#### DIRECTIONS
The reply should contain all the data below, repeated exactly, and none of the images.

----- SOURCE DATA

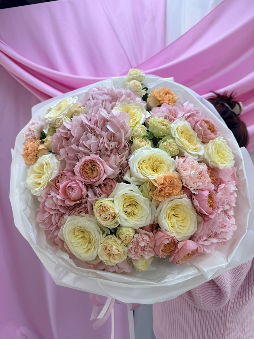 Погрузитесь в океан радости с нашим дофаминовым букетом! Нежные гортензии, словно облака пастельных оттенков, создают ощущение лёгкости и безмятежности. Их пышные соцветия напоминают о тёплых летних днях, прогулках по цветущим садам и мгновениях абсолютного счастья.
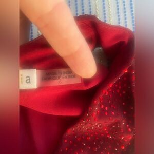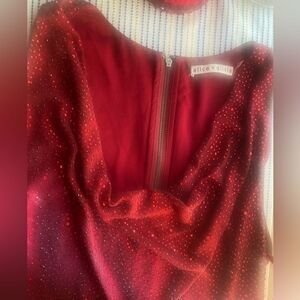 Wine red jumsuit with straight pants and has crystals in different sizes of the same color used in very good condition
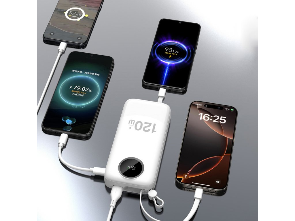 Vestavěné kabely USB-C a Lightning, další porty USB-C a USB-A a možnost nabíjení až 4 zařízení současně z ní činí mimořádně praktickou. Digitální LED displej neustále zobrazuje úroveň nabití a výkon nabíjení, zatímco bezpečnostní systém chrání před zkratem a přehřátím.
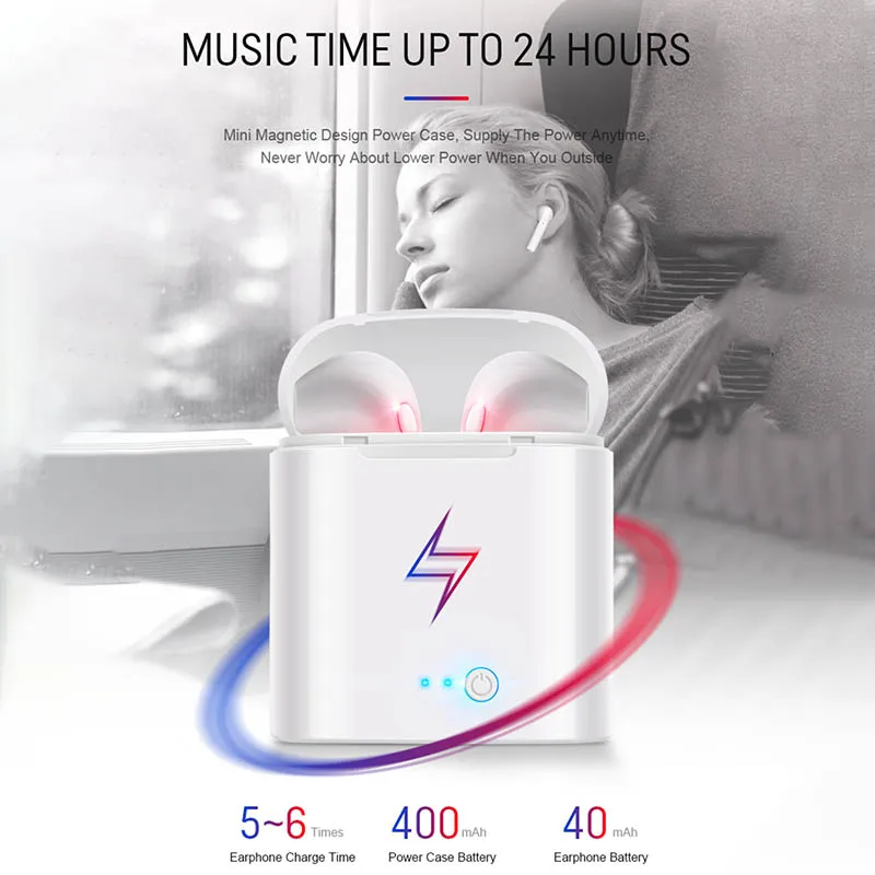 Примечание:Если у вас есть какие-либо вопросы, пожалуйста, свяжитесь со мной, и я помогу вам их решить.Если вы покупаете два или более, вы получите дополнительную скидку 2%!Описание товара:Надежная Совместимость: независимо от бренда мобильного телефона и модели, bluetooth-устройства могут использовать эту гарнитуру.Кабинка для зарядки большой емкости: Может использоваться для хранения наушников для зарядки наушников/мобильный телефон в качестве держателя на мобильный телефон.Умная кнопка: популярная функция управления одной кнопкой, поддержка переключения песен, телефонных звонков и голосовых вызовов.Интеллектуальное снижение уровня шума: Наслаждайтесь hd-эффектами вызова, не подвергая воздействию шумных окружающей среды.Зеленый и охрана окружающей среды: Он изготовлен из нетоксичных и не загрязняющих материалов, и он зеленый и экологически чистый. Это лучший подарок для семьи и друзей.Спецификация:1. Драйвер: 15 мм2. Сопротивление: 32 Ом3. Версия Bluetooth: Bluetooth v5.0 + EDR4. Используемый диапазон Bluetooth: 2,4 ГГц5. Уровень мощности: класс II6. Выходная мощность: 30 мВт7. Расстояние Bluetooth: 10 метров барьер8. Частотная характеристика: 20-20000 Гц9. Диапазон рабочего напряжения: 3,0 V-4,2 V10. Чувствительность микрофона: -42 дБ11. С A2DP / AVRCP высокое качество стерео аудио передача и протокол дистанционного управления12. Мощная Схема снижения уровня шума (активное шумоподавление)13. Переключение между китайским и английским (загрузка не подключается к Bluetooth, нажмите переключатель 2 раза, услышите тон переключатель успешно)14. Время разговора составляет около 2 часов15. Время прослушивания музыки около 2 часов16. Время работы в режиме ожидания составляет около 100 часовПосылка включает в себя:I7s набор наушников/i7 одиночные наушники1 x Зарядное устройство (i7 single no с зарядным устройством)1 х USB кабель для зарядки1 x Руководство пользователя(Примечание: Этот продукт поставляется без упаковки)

----------

#### COMPLETED TASK
 Погрузитесь в океан радости с нашим дофаминовым букетом! Нежные гортензии, словно облака пастельных оттенков, создают ощущение лёгкости и безмятежности. Их пышные соцветия напоминают о тёплых летних днях, прогулках по цветущим садам и мгновениях абсолютного счастья.
 Wine red jumsuit with straight pants and has crystals in different sizes of the same color used in very good condition
 Vestavěné kabely USB-C a Lightning, další porty USB-C a USB-A a možnost nabíjení až 4 zařízení současně z ní činí mimořádně praktickou. Digitální LED displej neustále zobrazuje úroveň nabití a výkon nabíjení, zatímco bezpečnostní systém chrání před zkratem a přehřátím.
 Примечание:Если у вас есть какие-либо вопросы, пожалуйста, свяжитесь со мной, и я помогу вам их решить.Если вы покупаете два или более, вы получите дополнительную скидку 2%!Описание товара:Надежная Совместимость: независимо от бренда мобильного телефона и модели, bluetooth-устройства могут использовать эту гарнитуру.Кабинка для зарядки большой емкости: Может использоваться для хранения наушников для зарядки наушников/мобильный телефон в качестве держателя на мобильный телефон.Умная кнопка: популярная функция управления одной кнопкой, поддержка переключения песен, телефонных звонков и голосовых вызовов.Интеллектуальное снижение уровня шума: Наслаждайтесь hd-эффектами вызова, не подвергая воздействию шумных окружающей среды.Зеленый и охрана окружающей среды: Он изготовлен из нетоксичных и не загрязняющих материалов, и он зеленый и экологически чистый. Это лучший подарок для семьи и друзей.Спецификация:1. Драйвер: 15 мм2. Сопротивление: 32 Ом3. Версия Bluetooth: Bluetooth v5.0 + EDR4. Используемый диапазон Bluetooth: 2,4 ГГц5. Уровень мощности: класс II6. Выходная мощность: 30 мВт7. Расстояние Bluetooth: 10 метров барьер8. Частотная характеристика: 20-20000 Гц9. Диапазон рабочего напряжения: 3,0 V-4,2 V10. Чувствительность микрофона: -42 дБ11. С A2DP / AVRCP высокое качество стерео аудио передача и протокол дистанционного управления12. Мощная Схема снижения уровня шума (активное шумоподавление)13. Переключение между китайским и английским (загрузка не подключается к Bluetooth, нажмите переключатель 2 раза, услышите тон переключатель успешно)14. Время разговора составляет около 2 часов15. Время прослушивания музыки около 2 часов16. Время работы в режиме ожидания составляет около 100 часовПосылка включает в себя:I7s набор наушников/i7 одиночные наушники1 x Зарядное устройство (i7 single no с зарядным устройством)1 х USB кабель для зарядки1 x Руководство пользователя(Примечание: Этот продукт поставляется без упаковки)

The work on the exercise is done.